How Trino queries Iceberg tables

Understanding what happens between SELECT and the first byte of results is essential for optimization. Trino's Iceberg connector follows a multi-stage process to translate SQL into efficient object storage reads.

Metadata resolution

When a query references an Iceberg table, Trino contacts the Iceberg catalog (Hive Metastore, AWS Glue, Nessie, or Iceberg REST) to locate the current metadata pointer. It reads the latest metadata.json file, which references the current snapshot. From the snapshot, Trino walks the manifest list to identify which manifest files describe the table's data files. Each manifest contains per-file metadata: file path, partition values, column-level min/max statistics, row counts, and file size.

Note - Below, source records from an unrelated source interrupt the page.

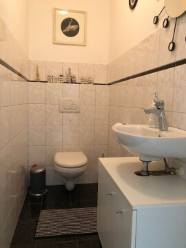 Entree/ruime hal met toiletruimte en meterkast. Toiletruimte v.v. zwevend closet met inbouwreservoir en fonteintje.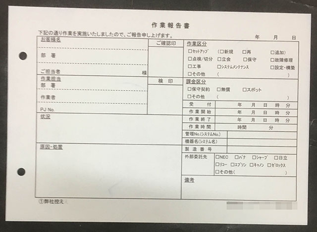神奈川県の電気修理業D社様より頂いた【作業報告書】の納品実績です。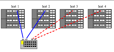 Each host sees only half the disks or one backplane. This config is for box sharing where each host has private and exclusive access to half the array disks. This is useful to guarantee that the hosts do not interfer with each others disks. This is a fully redundant config. 11). Three and Four Host, single path

This metadata walk is the foundation of Iceberg's query planning advantage over Hive-style tables. Instead of listing directories in object storage (which is slow and eventually consistent on S3), Trino reads a structured metadata tree that tells it exactly which files could contain matching rows.

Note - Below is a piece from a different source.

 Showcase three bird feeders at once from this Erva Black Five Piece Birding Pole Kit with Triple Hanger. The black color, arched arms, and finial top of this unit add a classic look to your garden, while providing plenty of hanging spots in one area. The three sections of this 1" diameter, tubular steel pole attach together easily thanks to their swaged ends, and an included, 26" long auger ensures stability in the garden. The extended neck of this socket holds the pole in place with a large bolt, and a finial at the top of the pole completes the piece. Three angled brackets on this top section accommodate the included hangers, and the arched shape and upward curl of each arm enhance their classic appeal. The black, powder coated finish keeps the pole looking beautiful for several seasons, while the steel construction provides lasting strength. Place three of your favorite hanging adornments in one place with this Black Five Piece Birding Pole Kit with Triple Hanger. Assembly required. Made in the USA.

Scan planning and predicate pushdown

Once Trino has the manifest entries, the coordinator evaluates query predicates against the metadata to eliminate files before any data is read. This happens in three layers:

1.Partition pruning — if the table is partitioned and the query filters on a partition column, Trino eliminates entire partitions by comparing the predicate against partition values in the manifest. A query filtering WHERE event_date = '2026-05-01' on a day-partitioned table skips every partition except that date.
2.Min/max file pruning — for each surviving partition, Trino checks per-file column statistics. If a file's max value for user_id is 500 and the query filters WHERE user_id > 1000, that file is skipped entirely. This works on any column with statistics, not just partition columns.
3.Row group skipping — within individual Parquet files, Trino uses row group (page) statistics to skip blocks of rows that cannot match the predicate. This is the finest-grained pruning level and depends on data being physically sorted so that value ranges within row groups are tight.

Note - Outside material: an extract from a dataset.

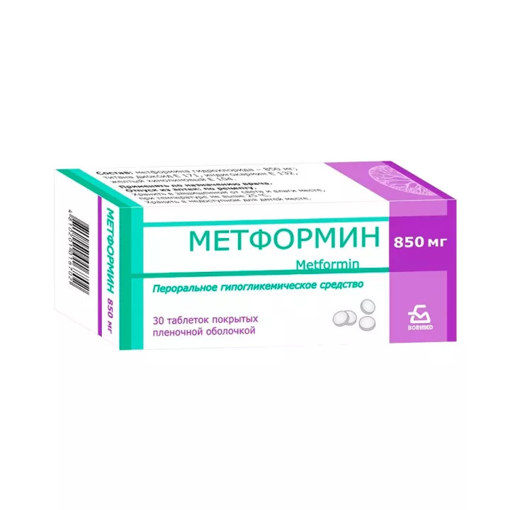 Метформин 850 мг таблетки покрытые пленочной оболочкой 30 шт

The effectiveness of these layers compounds. Partition pruning might eliminate 95% of files. Min/max pruning removes another 80% of what remains. Row group skipping reduces the bytes read within each surviving file. The combined effect can be orders of magnitude less I/O than a full scan — but only if the table's physical layout cooperates. Dedicated control planes like LakeOps can optimize this layout automatically based on real query patterns — we'll cover how later in this guide.

Query performance tuning

Trino's Iceberg connector exposes several mechanisms for reducing scan volume and query latency. Most of them depend on metadata quality and file layout rather than Trino configuration alone.

Partition pruning

Partition pruning is the highest-impact optimization. When a query filters on a partition column, Trino can skip entire sets of files without reading any data. Iceberg supports hidden partitioning transforms — day(ts), month(ts), bucket(id, 16), truncate(region, 3) — which means partitioning does not require users to add synthetic columns to their data.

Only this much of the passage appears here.